━━━ ENTRIES PROVIDED

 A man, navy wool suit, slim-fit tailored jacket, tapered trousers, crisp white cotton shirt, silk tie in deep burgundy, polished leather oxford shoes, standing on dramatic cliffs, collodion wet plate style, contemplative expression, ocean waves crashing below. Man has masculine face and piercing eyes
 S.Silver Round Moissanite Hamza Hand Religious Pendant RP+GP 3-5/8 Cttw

━━━━━━
━━━ ENTRIES PROVIDED

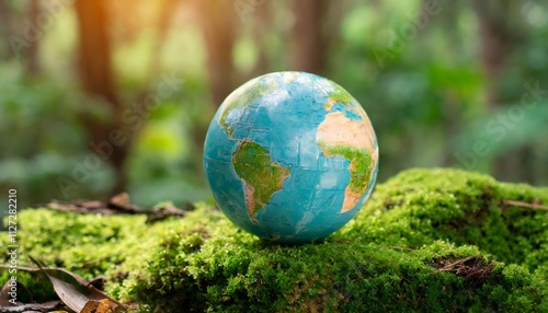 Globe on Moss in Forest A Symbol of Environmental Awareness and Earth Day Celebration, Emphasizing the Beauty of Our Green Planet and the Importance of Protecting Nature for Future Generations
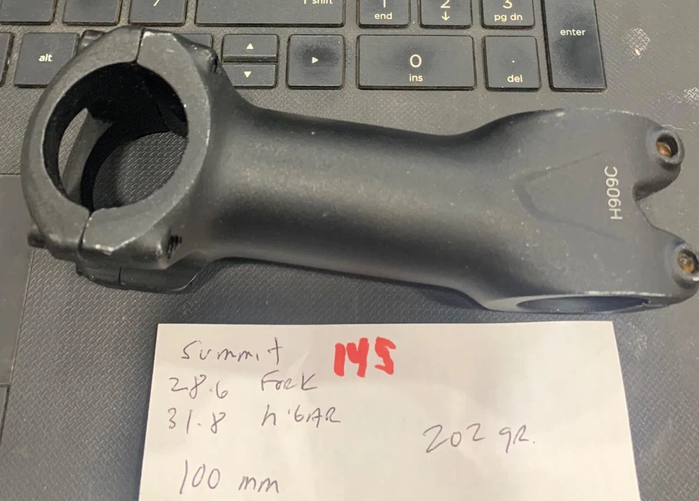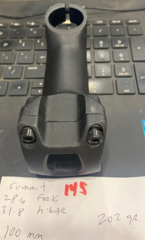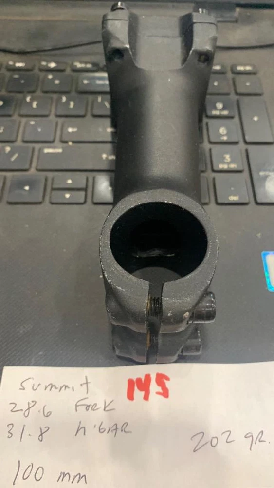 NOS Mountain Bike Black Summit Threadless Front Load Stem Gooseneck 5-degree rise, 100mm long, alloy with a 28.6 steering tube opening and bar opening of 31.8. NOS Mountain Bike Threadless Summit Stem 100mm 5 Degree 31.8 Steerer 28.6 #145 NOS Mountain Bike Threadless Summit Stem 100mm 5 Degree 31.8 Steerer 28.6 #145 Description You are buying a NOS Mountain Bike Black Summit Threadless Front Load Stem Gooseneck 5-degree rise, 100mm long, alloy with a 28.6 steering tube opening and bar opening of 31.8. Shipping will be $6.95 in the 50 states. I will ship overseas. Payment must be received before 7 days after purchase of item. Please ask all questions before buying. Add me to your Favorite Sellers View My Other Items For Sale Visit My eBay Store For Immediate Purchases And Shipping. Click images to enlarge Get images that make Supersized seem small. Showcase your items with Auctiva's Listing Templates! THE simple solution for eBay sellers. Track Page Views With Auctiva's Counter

━━━━━━

#### [REQUIRED WORK]
Would you retype the lines above from the one with "A man, navy" down to the one with "S.Silver Round Moissanite", word for word, both ends included and no other lines?

#### [SOLUTION BELOW]
 A man, navy wool suit, slim-fit tailored jacket, tapered trousers, crisp white cotton shirt, silk tie in deep burgundy, polished leather oxford shoes, standing on dramatic cliffs, collodion wet plate style, contemplative expression, ocean waves crashing below. Man has masculine face and piercing eyes
 S.Silver Round Moissanite Hamza Hand Religious Pendant RP+GP 3-5/8 Cttw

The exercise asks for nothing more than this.